Now I understand how David Letterman must have suffered. It’s like an unexpected punch in the stomach. It’s difficult to even breathe, and I just sit here in absolute disbelief wondering what I ever did to deserve this.
In the hopeful early morning hours of October 24, I reached out to someone whose very life is one neverending outreach. I asked Oprah Winfrey to be my MySpace friend. For years and years she has warmed the cathode rays of my 25-inch Phillips, and I guess I was hoping for the same in the pixels of my Mac.

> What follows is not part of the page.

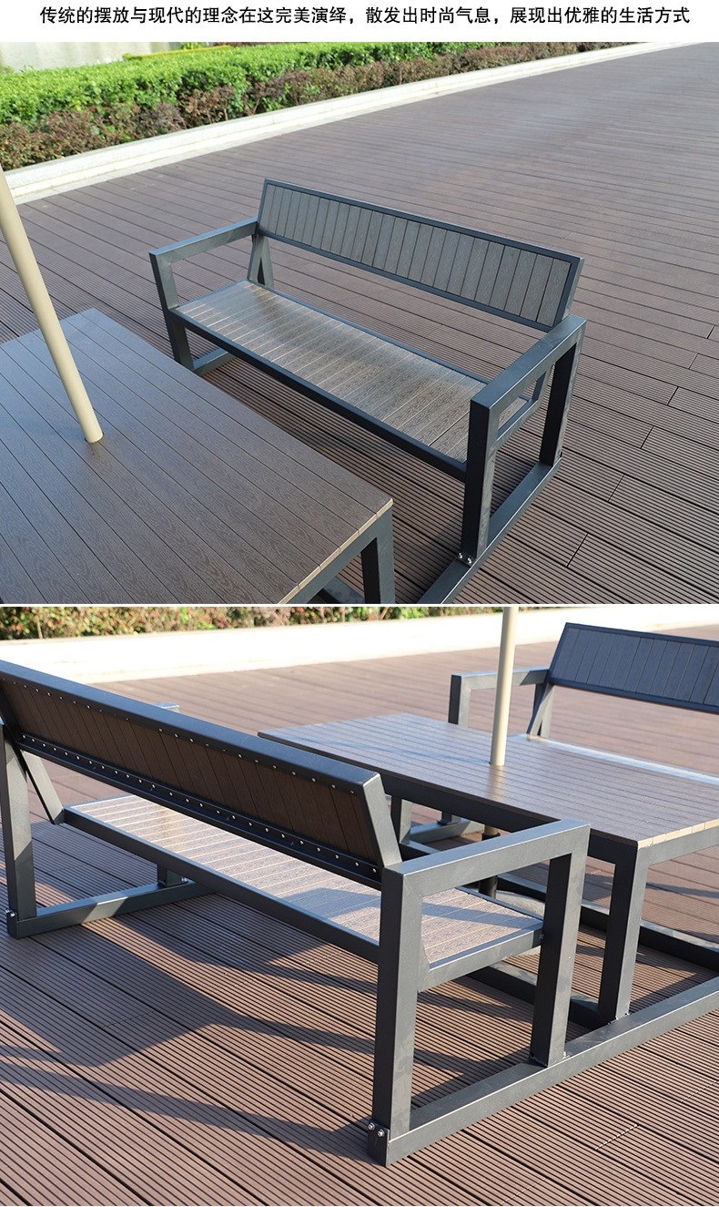 야외 테이블과 의자 플라스틱 우드 코트야드 부식 목재 방수 선 스크린 조합 3 피스 레저 야외 발코니 정원스토어 가기

Besides, I figured, we have a few things in common. We both spent our grammar school years in the Milwaukee metropolitan area, we both now work for broadcasts that are based in Chicago, we both favor the positive over the negative, and we both enjoy Southern cooking. Her friend, Sen. Barack Obama, accepted my MySpace friendship immediately. Okay, so Oprah enjoyed Memoirs of a Geisha a little more than I did, but I did at least watch it on her recommendation.
Even without any mutual connections, I could think of no one less likely to reject me, except perhaps for Mr. Rogers, and now I’m nervous about asking him. At last count, Oprah Winfrey has twenty-three thousand, three hundred and ninety-nine MySpace friends. Did they all have to pass some rigorous screening gauntlet? Are they all so much better than me?
Still, Wednesday, October 24 passed without her nod, and then October 25 came and went. Now it’s been ten full days, and her silence is beginning to tear me apart.
It’s not as if she is simply too busy for MySpace, since her account shows a fresh login almost every day. Trust me, I check.
Ah, well. I guess I’ll give her a little while longer and then, if necessary, politely withdraw my request and try to cope with the pain somehow.

Martin D-28 Modern Deluxe
Perhaps Dr. Phil can help me. I don’t see him listed in Oprah’s Top 40. He looks like he could really use a friend, and my afternoons are wide open from now on.
Update: Oprah did accept my MySpace friendship after all on November 8, restoring my self-esteem to an acceptable level. Maybe next I can entice her into purchasing my favorite things.